[Problem details]: Here is a listing. Write it all out again exactly, but not its pictures.

[Information provided]:
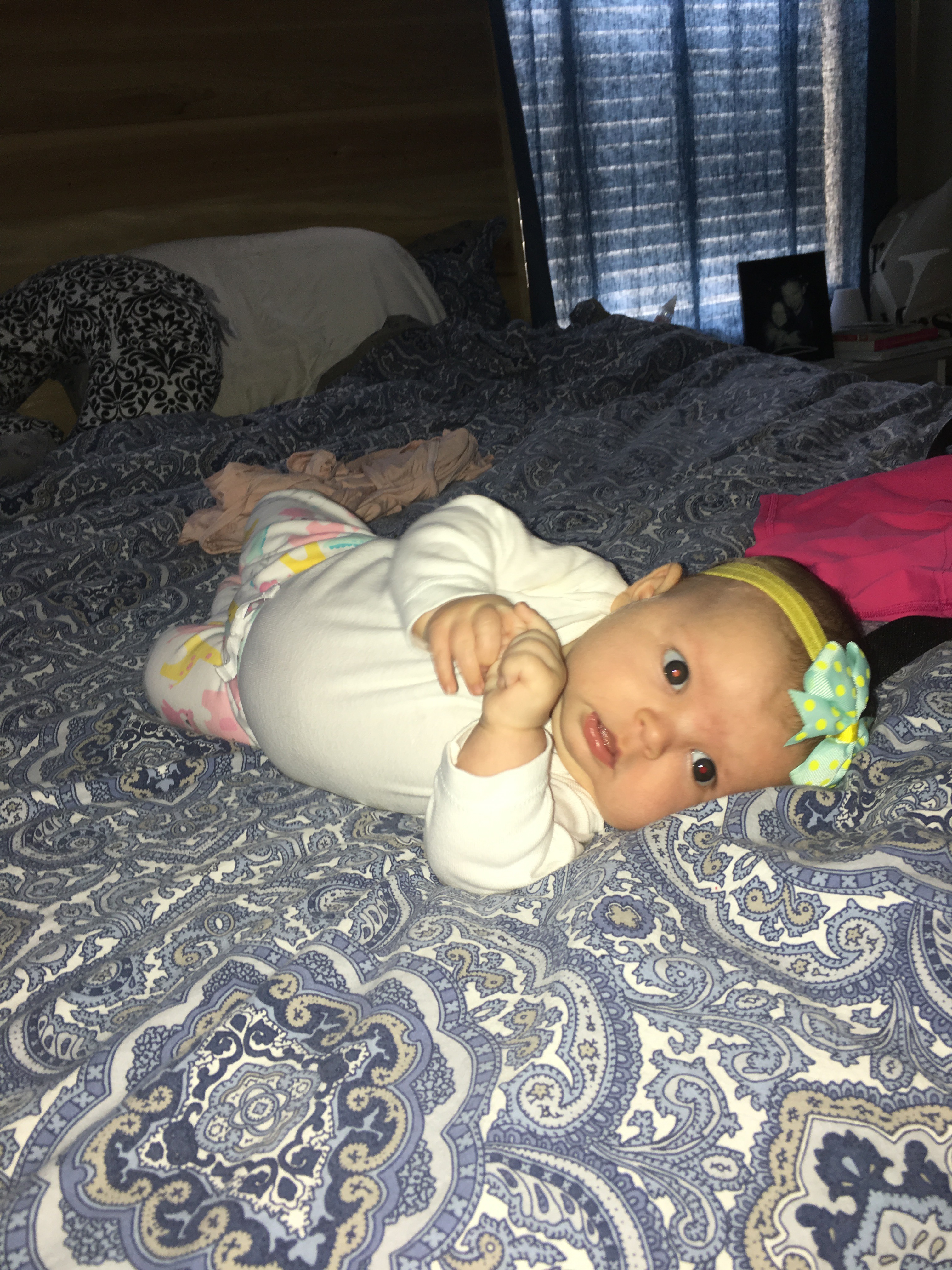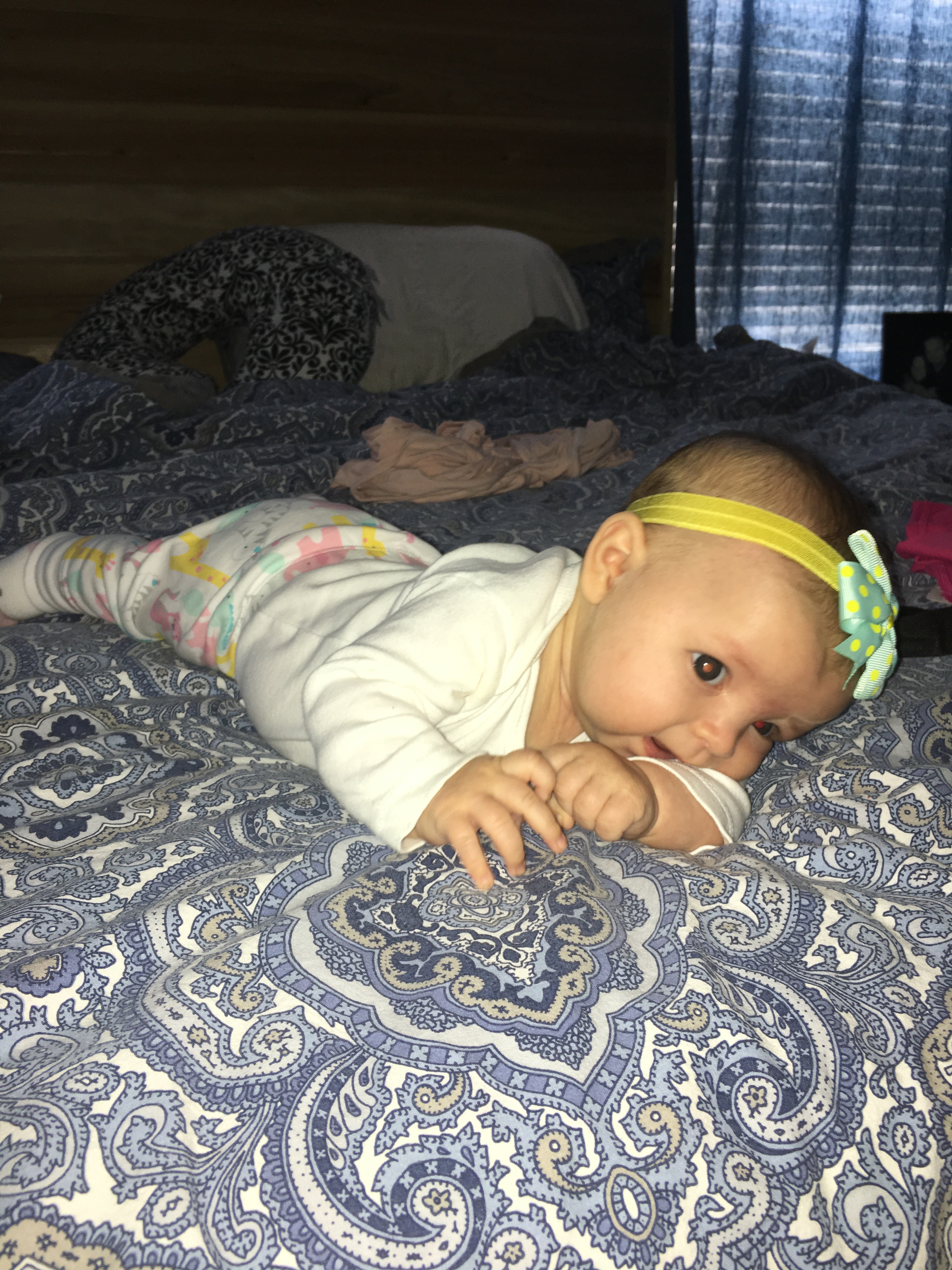 I’m learning her little quirks and tricks and I have noticed when I set her down she (usually) immediately fusses; however, if I walk away she gets quiet and will sit by herself just fine! If she sees or hears me (or if daddy goes up to her) she starts crying to be picked up again. I’m on to you, KB! Smart little cookie…This doesn’t apply when she’s having a meltdown, just when she’s “bored” at the gym sitting in her chair alone – wide awake!
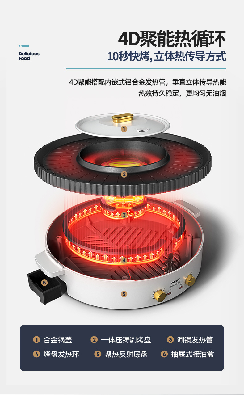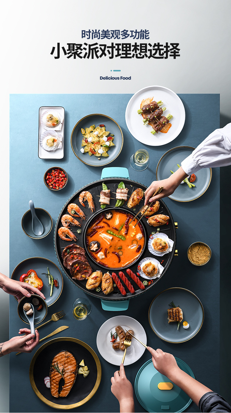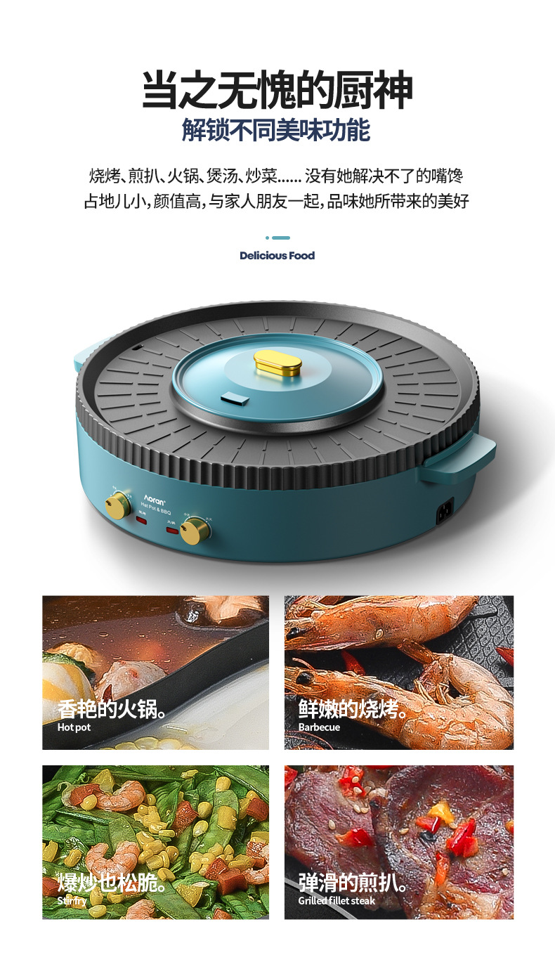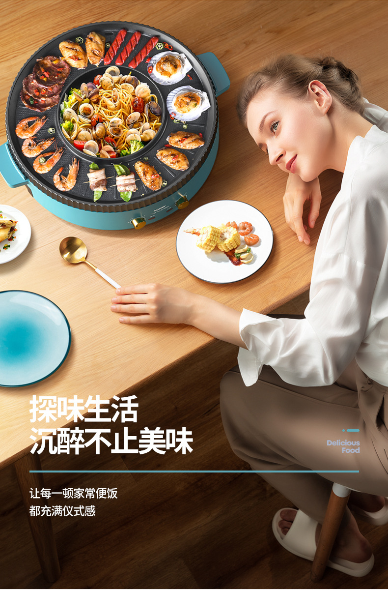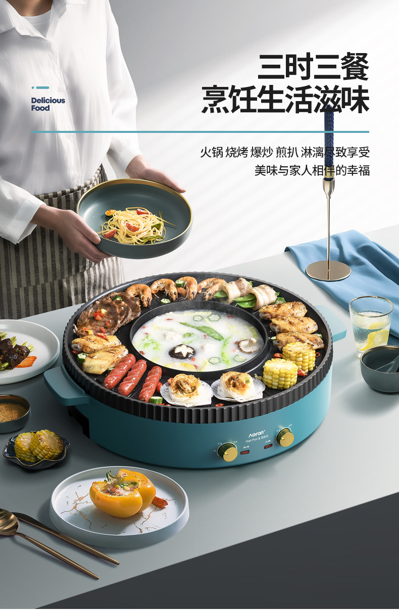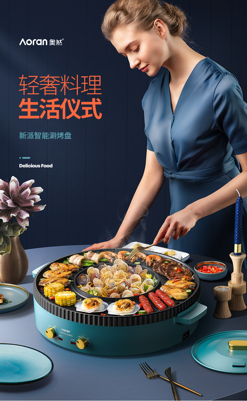 奥然多功能火锅锅电烧烤炉一体锅家用韩式烤盘涮烤两用烤肉烤鱼机
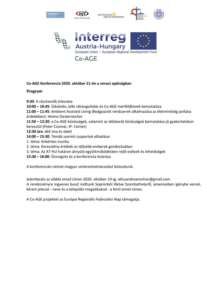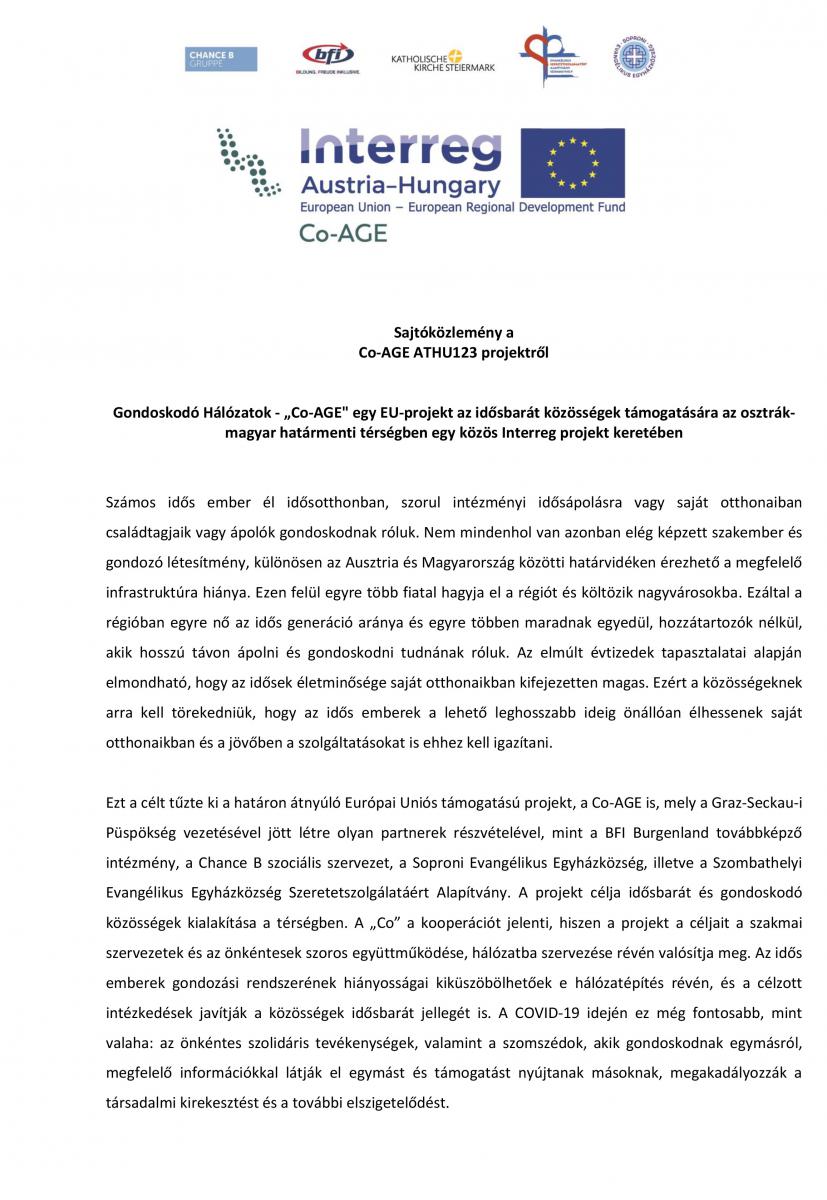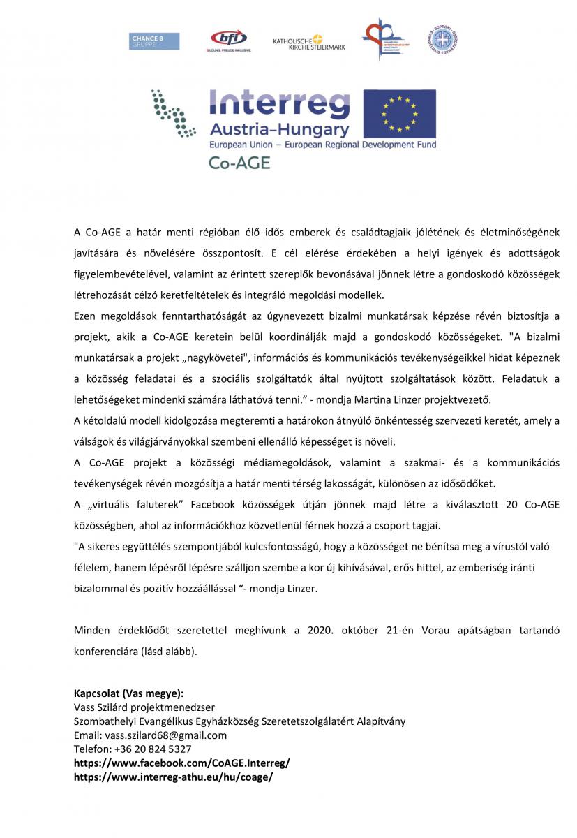 A Szombathelyi Evangélikus Egyházközség Szeretetszolgálatáért Alapítvány részt vesz a Co-AGE nevű Interreg projektben, melynek céljait és a nyitó konferencia programjait olvashatják a következő dokumentumokon:

[Result of the exercise]:
 I’m learning her little quirks and tricks and I have noticed when I set her down she (usually) immediately fusses; however, if I walk away she gets quiet and will sit by herself just fine! If she sees or hears me (or if daddy goes up to her) she starts crying to be picked up again. I’m on to you, KB! Smart little cookie…This doesn’t apply when she’s having a meltdown, just when she’s “bored” at the gym sitting in her chair alone – wide awake!
 奥然多功能火锅锅电烧烤炉一体锅家用韩式烤盘涮烤两用烤肉烤鱼机
 A Szombathelyi Evangélikus Egyházközség Szeretetszolgálatáért Alapítvány részt vesz a Co-AGE nevű Interreg projektben, melynek céljait és a nyitó konferencia programjait olvashatják a következő dokumentumokon:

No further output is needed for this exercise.